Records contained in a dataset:
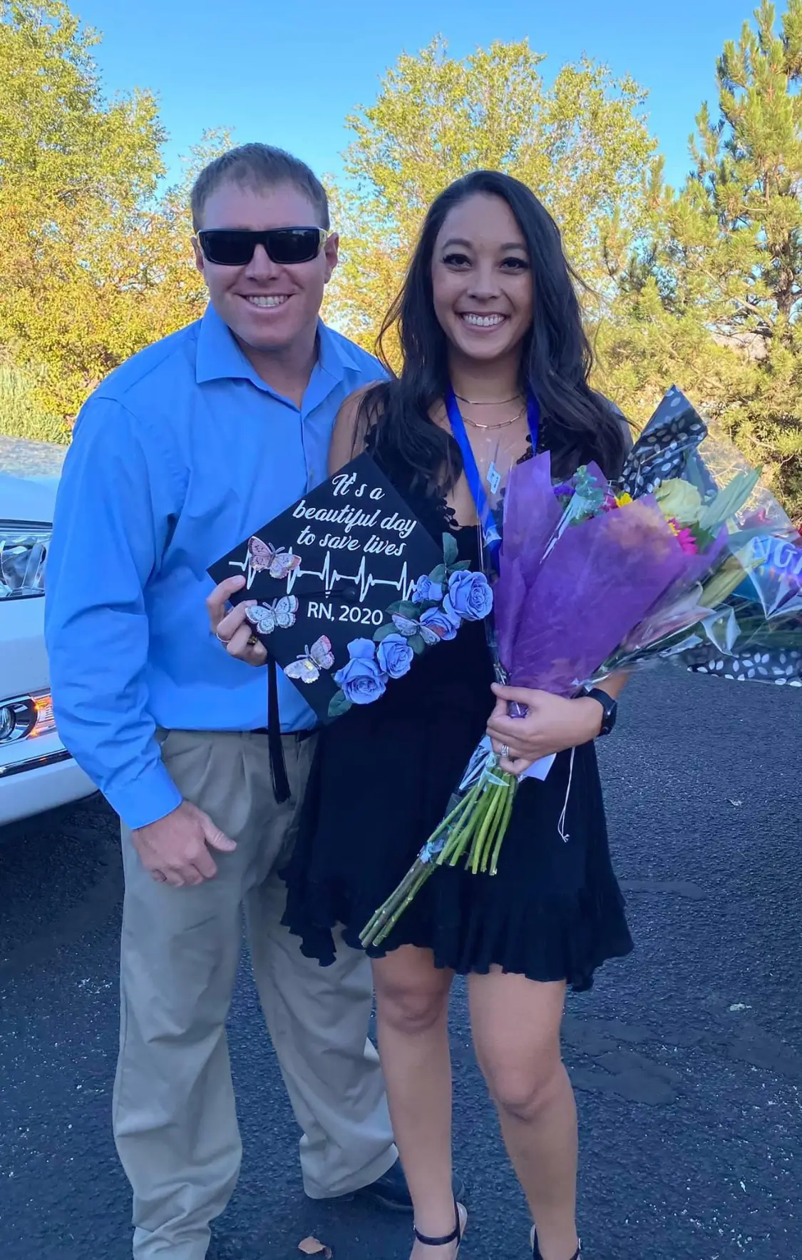 I was assigned to Renown South Meadows in the ICU for my externship in school. Because I came from working in emergency critical care in the vet field, I knew that’s where I wanted to be. It’s fast paced and requires critical thinking. Luckily, I got it! That’s when I left my vet job for the externship and started in June 2020 in the first few months of COVID. I dealt with people dying every day; but I didn’t want to be anywhere else. It solidified where I wanted to be.
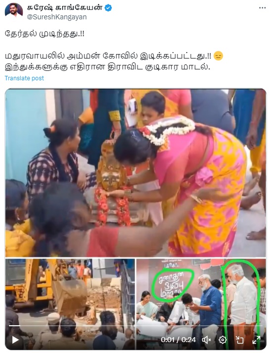 Claim: தேர்தல் முடிந்தது.மதுரவாயலில் அம்மன் கோவில் இடிக்கப்பட்டது
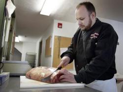 Photo Caption: Erik Piantedosi, owner of Piantedosi Butcher Shop in Plymouth, cuts into a piece of meat.
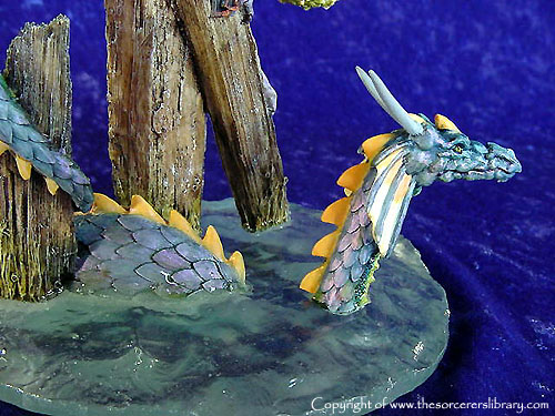 This is the first piece of Enchantica to include two Dragons together on one piece instead of putting two pieces side by side like the 'Dragon Duel' or the collectors club pieces (not including Terragons) A green version of this was sold at the 2001 Extravaganza auction |
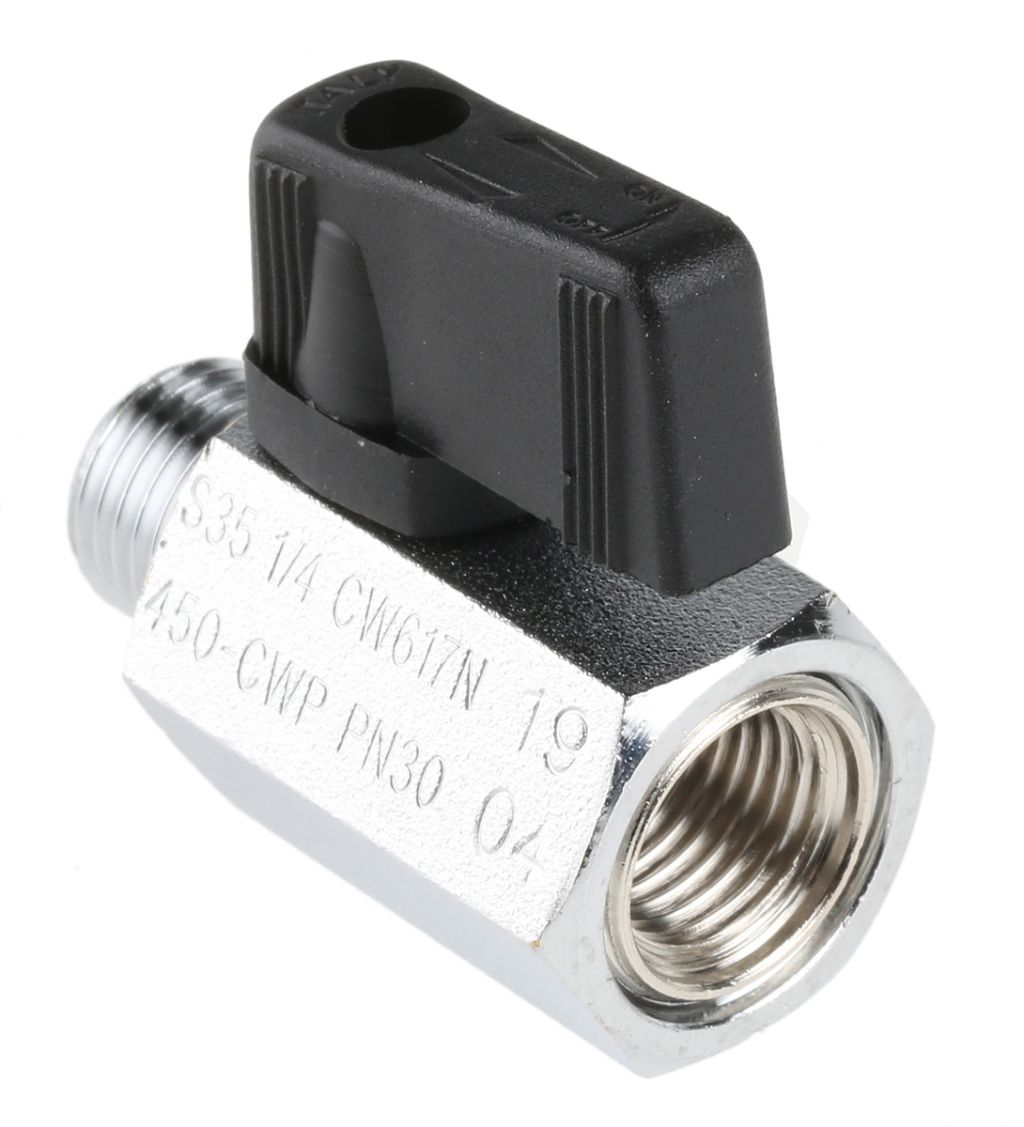 RS PRO Chrome Plated Brass Hydraulic Ball Valve G 1/4
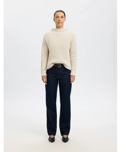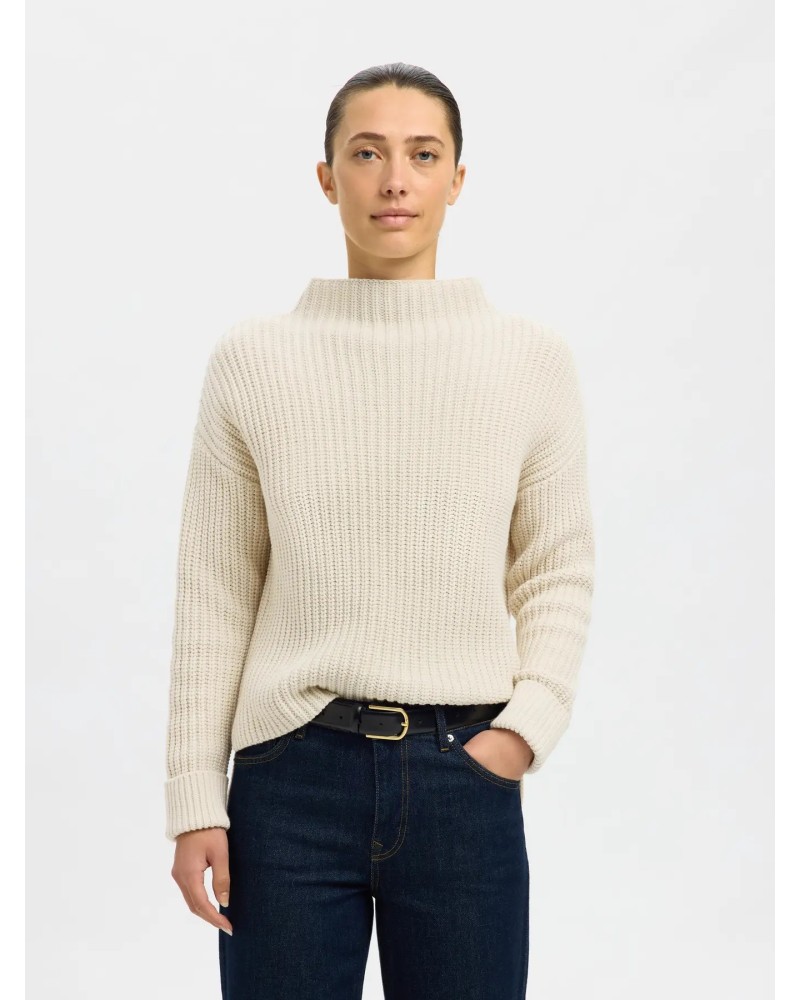 Selected Femmen - neulospusero jossa pieni pystykaulus. Pudotetut olkapäät ja käännetyt hihat. Neuleessa pienet halkiot sivuillla. Väri Birch. Katso mitat alta.
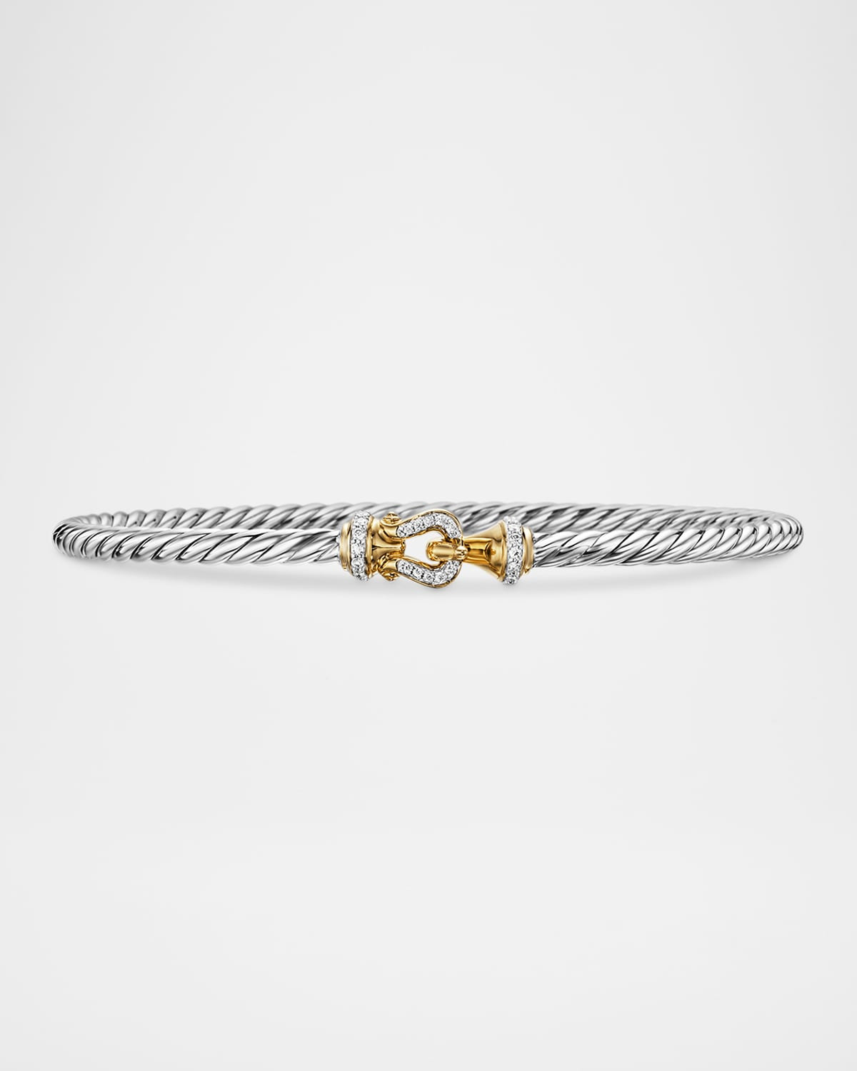 David Yurman bracelet Approx. 3mm Sterling silver with 18karat yellow gold Pave diamonds; 0.10 total carat weight Hook closure Made in USA
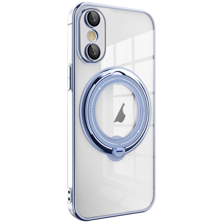 Estuche para teléfono iPhone Xs X Galvanoplastia Magsafe Soporte Rotación 360º (Azul)
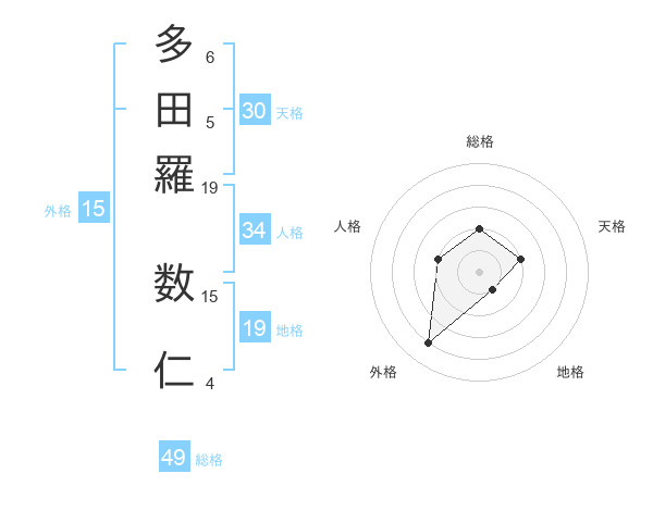 多田羅 数仁さんを姓名の画数から五運を鑑定
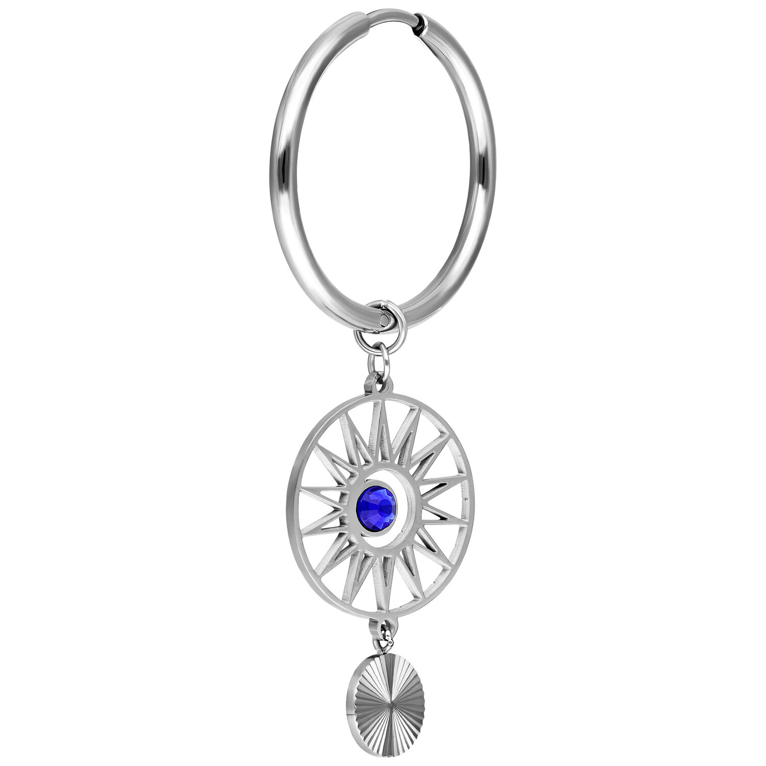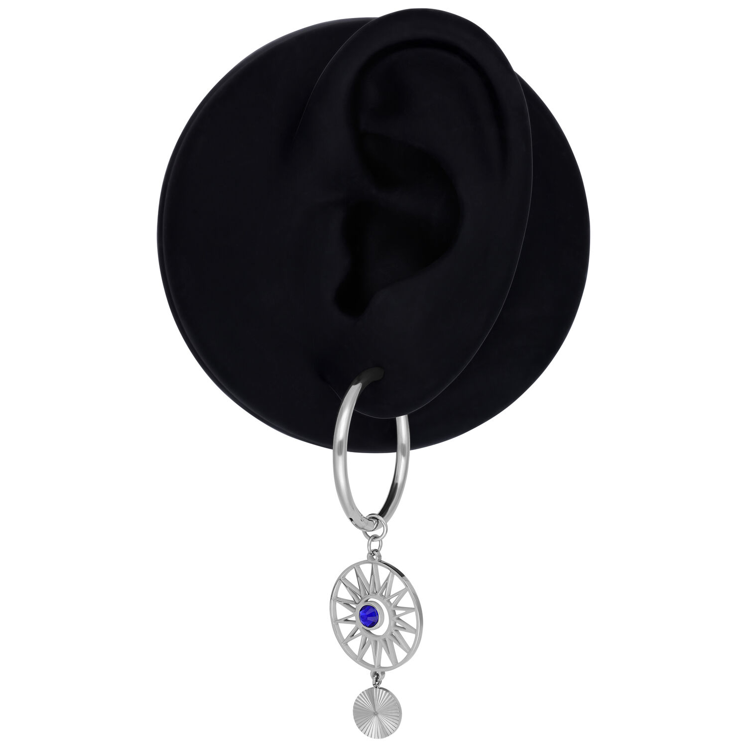Sold as a pair, these hoops are designed exclusively for lobe piercings. A distinctive ear jewelry piece for clean styles with a celestial touch.
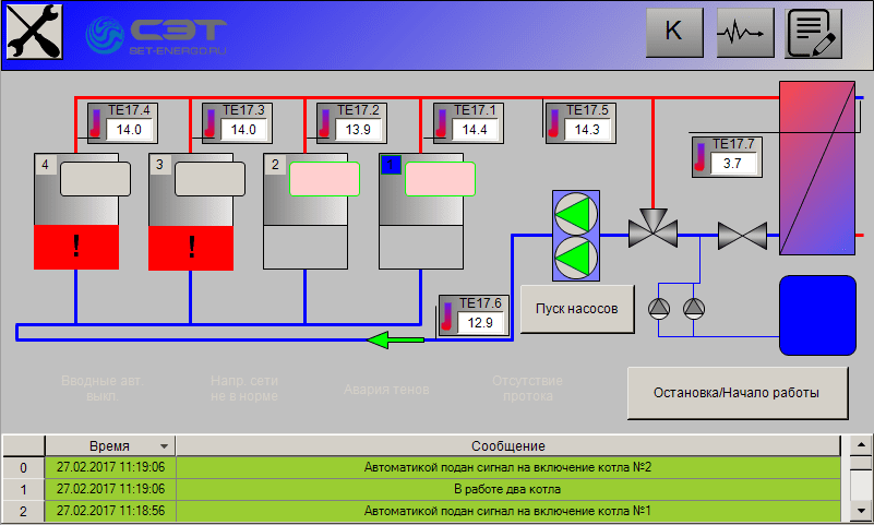 - Возможность изменения настроек уставок алгоритмов каскадного управления и режима работы насосов.
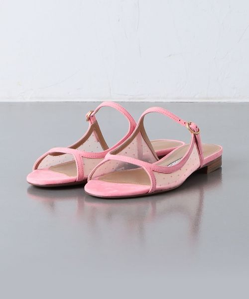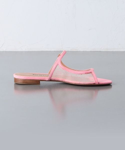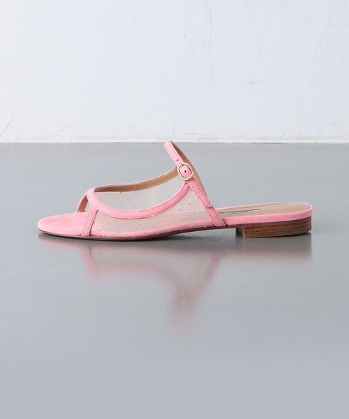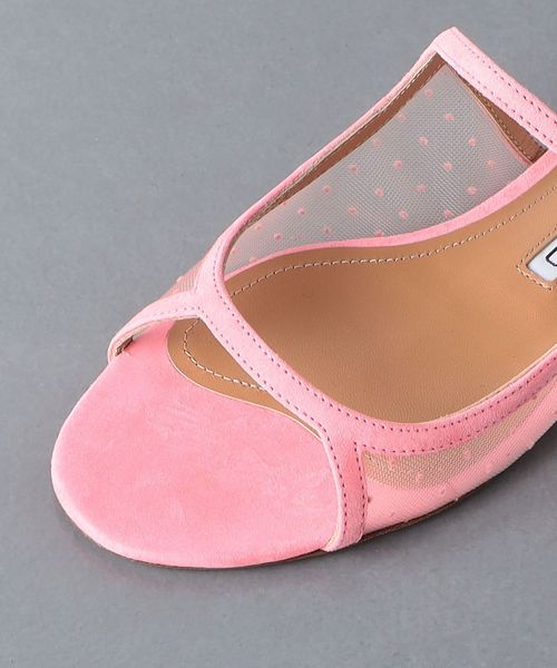 小さなドット柄のチュール素材がサイドに施されたフェミニンなフラットシューズ。
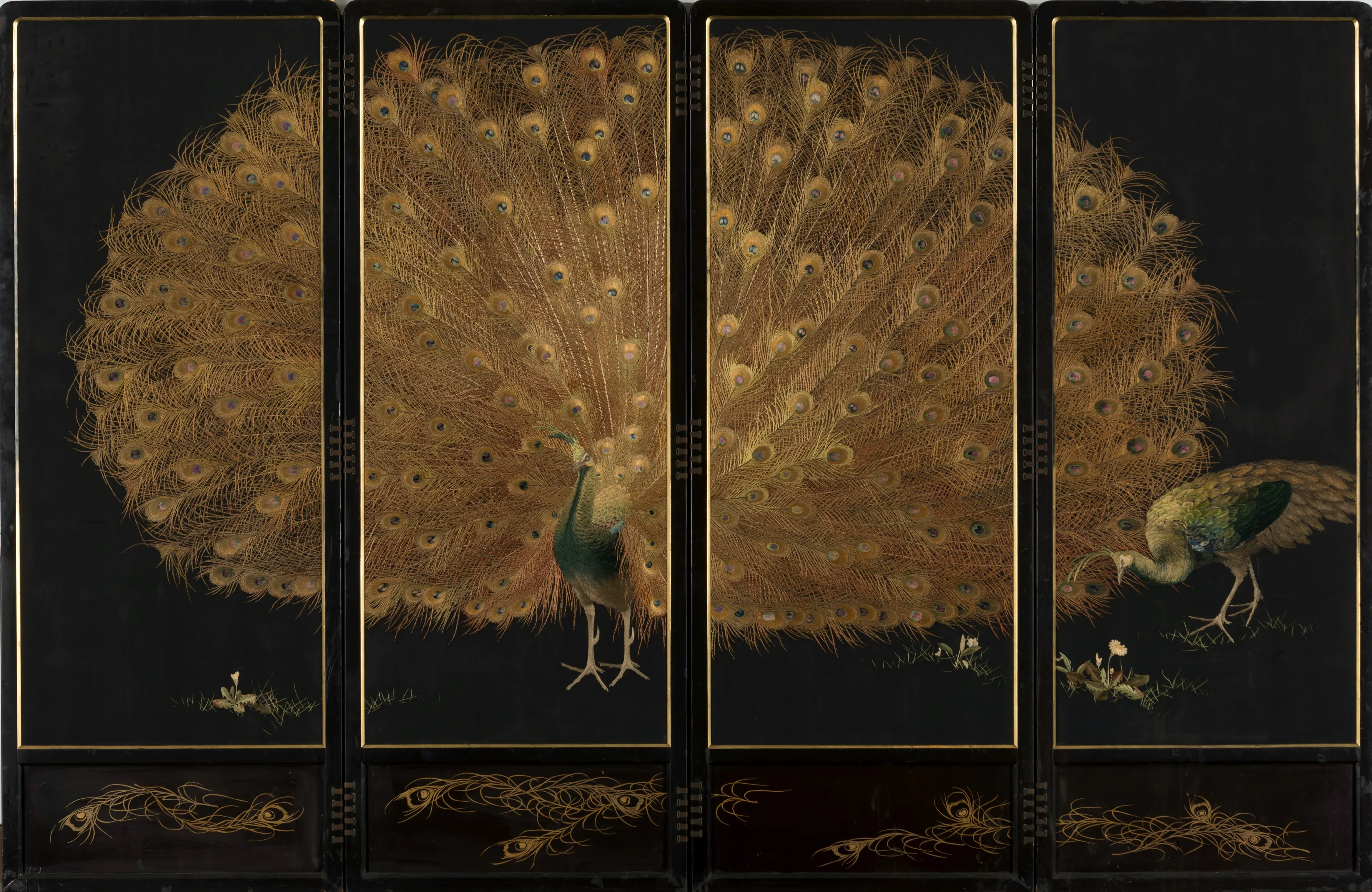 黄金に輝く羽を背負い眼光鋭く前を見つめる孔雀(くじゃく)。海を渡り、西洋の人々を魅了した近代日本の刺繍を代表する花鳥画の四曲一隻屏風である。
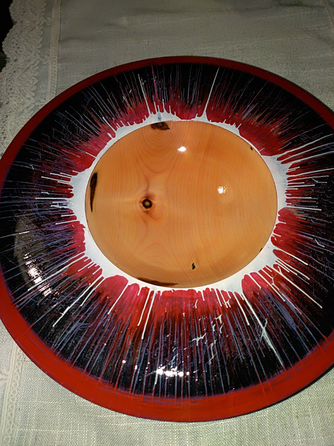 Νεροπλάτανος πάλι σε σχήμα πιατέλας, πέρασμα με μαυρη ανιλίνη όλη την πάνω επιφάνεια και μετα πειραματισμός με ακρυλικά χρώματα και φυγόκεντρο ώστε να διμηουργηθούνα τα σχήματα. Έπειτα άδειασμα στη μέση και πέρασμα διάφανου ακρυλικού σπρέι για γυάλισμα.
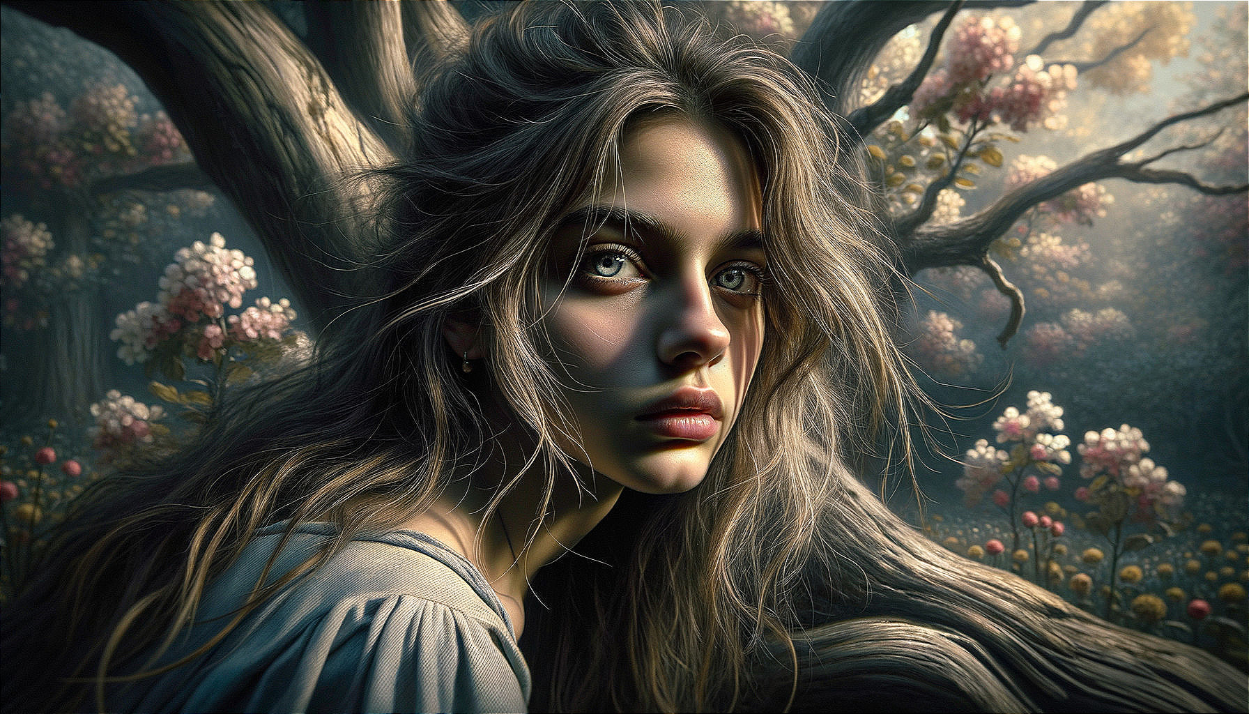 Enigmatic Beauty: Tree Perch Portrait

What you should do: Output exactly the lines above, beginning at the one with "Claim: தேர்தல் முடிந்தது.மதுரவாயலில்" and stopping after the one with "Sold as a pair, these". Pictures are to be omitted.

Written response:
 Claim: தேர்தல் முடிந்தது.மதுரவாயலில் அம்மன் கோவில் இடிக்கப்பட்டது
 Photo Caption: Erik Piantedosi, owner of Piantedosi Butcher Shop in Plymouth, cuts into a piece of meat.
 This is the first piece of Enchantica to include two Dragons together on one piece instead of putting two pieces side by side like the 'Dragon Duel' or the collectors club pieces (not including Terragons) A green version of this was sold at the 2001 Extravaganza auction |
 RS PRO Chrome Plated Brass Hydraulic Ball Valve G 1/4
 Selected Femmen - neulospusero jossa pieni pystykaulus. Pudotetut olkapäät ja käännetyt hihat. Neuleessa pienet halkiot sivuillla. Väri Birch. Katso mitat alta.
 David Yurman bracelet Approx. 3mm Sterling silver with 18karat yellow gold Pave diamonds; 0.10 total carat weight Hook closure Made in USA
 Estuche para teléfono iPhone Xs X Galvanoplastia Magsafe Soporte Rotación 360º (Azul)
 多田羅 数仁さんを姓名の画数から五運を鑑定
Sold as a pair, these hoops are designed exclusively for lobe piercings. A distinctive ear jewelry piece for clean styles with a celestial touch.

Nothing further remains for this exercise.